What is ${session_date} (my date field) doing here? Should this be today’s date, or something else?

Thanks for your help with this!
Ben

Hi @bpowis,

I recreated in BigQuery and you will need to swap your arguments for DATE_DIFF around - no need to swap the days_from_first_period around after you’ve done this.

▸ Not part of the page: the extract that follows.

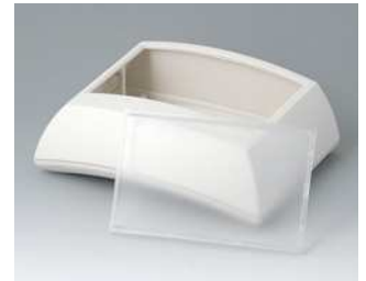
B7025147 ERGO-CASE L, hoch ABS (UL 94 HB) grauweiß RAL 9002 150x200x69mm IP 40

dimension: days_from_start_first {
    hidden: yes
    type: number
    sql: DATE_DIFF( ${session_date}, CAST({% date_start first_period_filter %} AS DATE), DAY) ;;
  }

  dimension: days_from_start_second {
    hidden: yes
    type: number
    sql: DATE_DIFF(${session_date}, CAST({% date_start second_period_filter %} AS DATE), DAY) ;;
  } 

bpowis
Participant III

Amazing! Thanks again for your help getting this working with BigQuery - Holly will be delighted! 🧚

Hi,

First of all thanks @ernesto1 for this solution, Period over Period are a basic type of analysis to track temporal metrics and GA have a very nice approach.
Following the method described here I evolved the code (Redshift) to have this PoP comparisons in several granularities (hourly, daily, weekly, hour of day, …). The code is almost the same adding a granularity parameter to filter and several modifications adding CASEs to the days_from_first_period which I renamed to comparison_date:

parameter: granularity {
    default_value: "hourly"
    allowed_value: {
      label: "Hourly"
      value: "hourly"
    }
    allowed_value: {
      label: "Daily"
      value: "daily"
    }
    allowed_value: {
      label: "Weekly"
      value: "weekly"
    }
    allowed_value: {
      label: "Monthly"
      value: "monthly"
    }
    allowed_value: {
      label: "Yearly"
      value: "yearly"
    }
    allowed_value: {
      label: "Hour of day"
      value: "hour_of_day"
    }
    allowed_value: {
      label: "Day of the Week"
      value: "day_of_week"
    }
  }

dimension: comparison_date {
    group_label: "Arbitrary Period Comparisons"
    type: date_time
    sql:
      CASE
      WHEN {% parameter granularity %} = 'hourly'
        THEN dateadd(days, -(datediff(days, {% date_start second_period_filter %}, {% date_end second_period_filter %}))+(CASE
                               WHEN ${days_from_start_second} >= 0
                               THEN ${days_from_start_second}
                               WHEN ${days_from_start_first} >= 0
                               THEN ${days_from_start_first}
                              END),
                              dateadd(hours, ${created_hour_of_day}, {% date_end second_period_filter %}::date))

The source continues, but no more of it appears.